Report Gives Prisons Failing Grades For COVID-19 Response

Report Gives Prisons Failing Grades For COVID-19 Response

If you’ve paid any attention to COVID-19 in prisons, you know that the deadly virus has overwhelmed facilities across the country for more than a year. By now, it’s likely that more than 3,000 prisoners have died from COVID-19. And reporting suggests that one out of every three incarcerated people have had COVID-19. It’s truly unbelievable how bad the response to the COVID-19 pandemic has been in prisons. A new report from Prison Policy Initiative gives that response a grade we should have all known was coming: F.

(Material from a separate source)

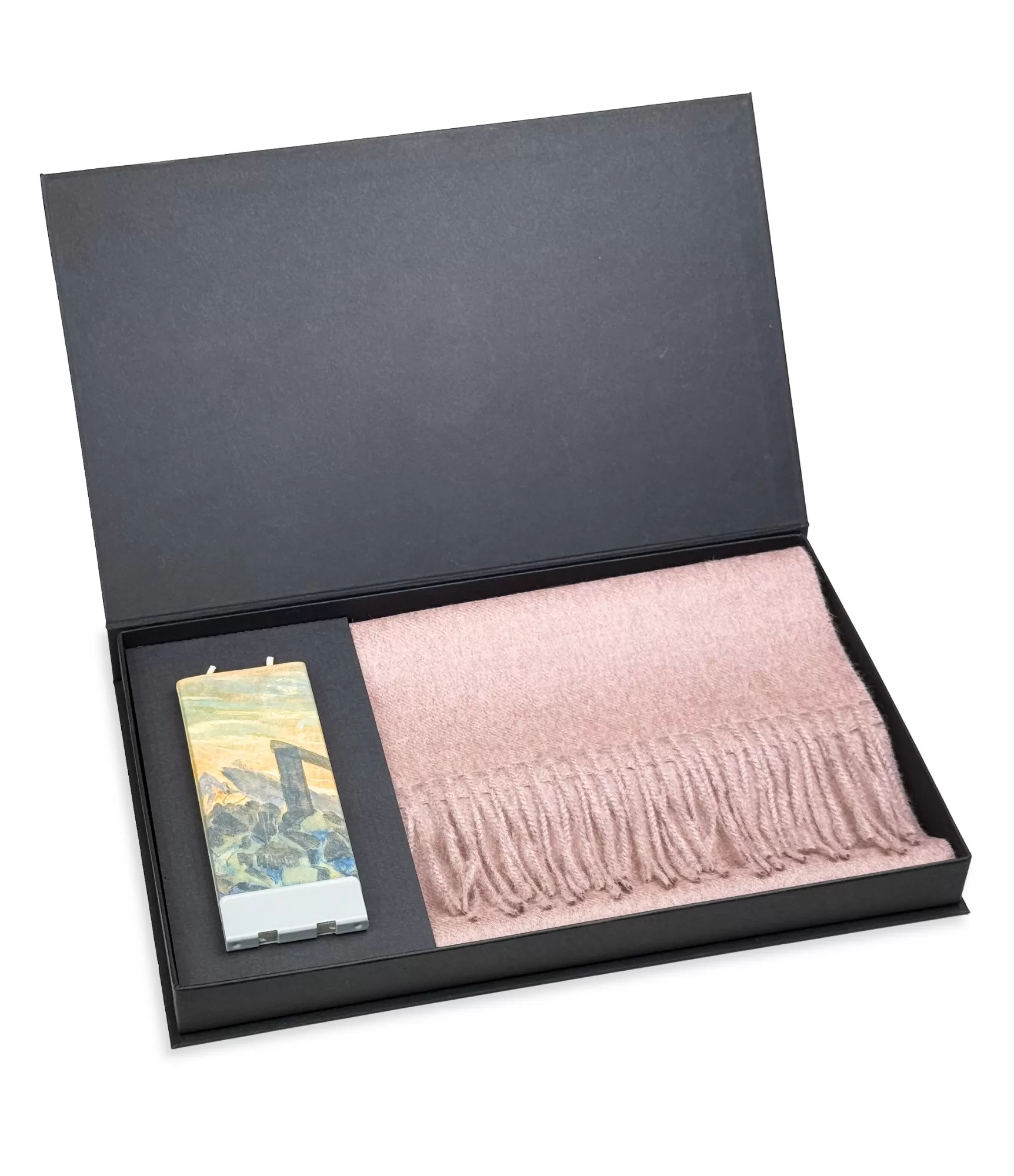 Dāvanu komplekts sievietēm – vilnas šalika un Zodiaka svece.

Prison Policy Initiative gave almost every state in the country an F.

In the report, Prison Policy Initiative gave 42 states—an incredible 84% of the country—an F for their response to COVID-19 in prisons. Of the eight states that didn’t get an F—California, Illinois, Maryland, Massachusetts, New Jersey, New Mexico, Pennsylvania and Virginia—six received either a D or a D-. The only two that did better than a D, California and New Jersey, earned a C- and C, respectively.

If my nine-year-old came home with grades like this, the consequences would be severe. The consequences for prison officials, though, are seemingly nonexistent. And documents obtained by the ACLU show that things may even get worse before they get better.

Even the states with the best grades didn’t do enough.

New Jersey’s response was the highest-rated one in the country. The most significant factor in this “high”—remember, it was just a C—was the vaccination rate among incarcerated people. According to the report, 89% of incarcerated people in New Jersey got the COVID-19 vaccine. That incarceration rate is significantly better than the general U.S. population. It is noteworthy, of course, that the credit for this success goes entirely to the incarcerated people themselves, not prison officials.

But New Jersey officials do deserve some credit for reducing the state’s prison population by 42% during the COVID-19 pandemic. A significant portion of the population reduction was the product of a large-scale release that allowed over 2,000 people to leave prison and return home.

California was almost as successful. Their C- grade was due, at least in part, to their vaccination efforts. But it was the product of free phone calls, free video calls and free hygiene products to incarcerated people. These measures aren’t excessive to the say the least. Yet, almost all of the states in the country couldn’t implement them, and people died and got sick as a result.